My actiual points are. That when you use a certain language, you have to think inside that. (i am sure there is still room for improovment in my code to). And that you do not have to discard memory as a usable resource (except if you do not have it in a situation )

Anonymous said...

What's the point of a performance comparison of terribly inefficient code? You're reading files one byte at a time, repeatedly making the same function calls without caching results, and creating lots of extra objects.

If you're concerned with efficiency, then you need to start with efficient code. There's no use in comparing bad code in one language to bad code in another language. Shame on Google for placing your post so high my search results.

alex said...

My good anonymous friend doesn't seem to understand the sole purpose of this testing. The code needs to be inefficient to see how different engines deal with it.

varun sharma said...

And i thought lua was fastest...

xaver said...

Interestingly, the upcoming Lua version 5.3 will have integers as well as bitwise operators, which will improve readability and performance.
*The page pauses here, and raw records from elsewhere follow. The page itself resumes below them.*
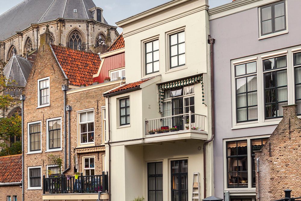 Pelserbrug und Grachtenhäuser entlang des Voorstraathaven mit der Grote Kerk im Hintergrund in Dordrecht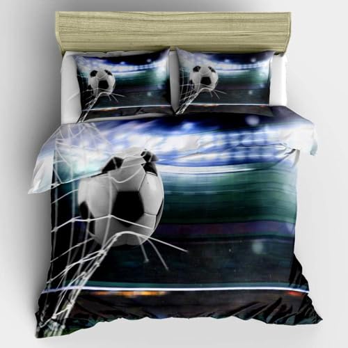 Generic - طقم 3 أغطية لحاف من القطن الخالص بتصميم ثلاثي الأبعاد، مقاس 2.3 × 2.2 متر تصميم كرة قدم ورجبي وبيسبول طقم لحاف مقاس كوين بسوستة مع 2 كيس مخدة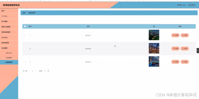 管理员点击系统管理。在轮播图管理页面可以对索引、名称、值进行详情、修改操作;并根据需要对网站公告、在线客服进行相应操作;如图5-12所示: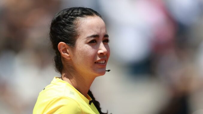 MEX9324. CIUDAD DE MÉXICO (MÉXICO), 12/04/2026.- La árbitro central Katia Itzel García reacciona este domingo, en un partido de la Liga MX entre Pumas y Mazatlán en el estadio Olímpico Universitario en Ciudad de México (México). EFE/ Alex Cruz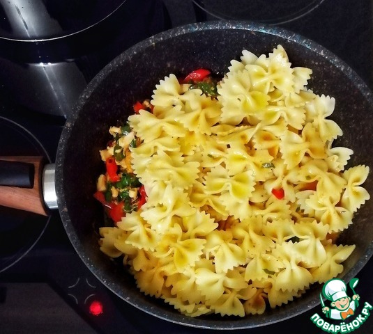 Выкладываем пасту, активно перемешиваем, чтобы она вся пропиталась соусом.

The above code can then be written as:

function p(a)
if a<26 then
n=string.byte("A")+a
elseif a<52 then
n=string.byte("a")+a-26
elseif a<62 then
n=string.byte("0")+a-52
elseif a==62 then
n=string.byte("+")
else
n=string.byte("/")
end
io.write(string.char(n))
b=b+1
if (b%76)==0 then
io.write("\n")
end
end

function c2(a)
p(a[1]>>2)
p(((a[1]&3)<<4)+((a[2]&240)>>4))
end

function c3(a)
c2(a)
p(((a[2]&15)<<2)+((a[3]&192)>>6))
end

function c(a)
c3(a)
p((a[3]&63))
end

a={}
b=0

while true do
local s = io.read(1)
if s == nil then break end
table.insert(a,string.byte(s))
if 3==#a then
c(a)
a={}
end
end

if 1==#a then
c2({a[1],0,0});
io.write("==")
elseif 2==#a then
c3({a[1],a[2],0});
io.write("=")
end
if b > 0 then
io.write("\n")
end

marc said...

Sorry Alex, but I think Anonymous hit the nail on the head. What is this comparison actually trying to achieve? Are you trying to say that perl gets the best performance when directly transcribing c code? If so, that's probably true. Are you tring to say that lua performance is mediocre? If so, you first need to rewrite the lua code so that it runs efficiently. Your code doesn't.

Using (http: // stackoverflow.com /questions/342409/how-do-i-base64-encode-decode-in-c) as the reference c code, I have to say that c is clearly king as far as readability goes. Nothing comes close. Compared to this, perl is readable but polluted with sigils, python is verbose and lua might be readable on a good day. But there is nothing stopping us from writing lua that almost exactly mimics the c.

Anonymous said...

well, as an additional point...@Alex, I ran the Lua code you provided on LuaJIT (instead of the Lua interpreter), and I got 1.3 MB/s in 8 seconds.

Python was 400 kB/s in 26 seconds.

Then, using the implementation provided by Anonymous, the code got 1.6 MB/s in 6.6 seconds.

So, LuaJIT is still blazingly fast.

Grundoko said...

I know this post is a bit old, but I re-ran your tests using Perl, Python3, Python2, Lua5.1, Lua5.2, and LuaJIT. My results were quite different from yours.

Perl 16.6879 628kB/s
Python3 29.0687 361kB/s
Python2 26.1504 401kB/s
Lua5.1 18.0574 581kB/s
Lua5.2 20.6259 508kB/s
LuaJIT 8.58338 1.2MB/s

Without any modification to the code, LuaJIT runs the code in half the time of Perl. It seems at least in this case, the state of Lua has strongly improved compared to Perl. At least with the LuaJIT interpreter. Though Lua5.1 runs it almost as fast as Perl.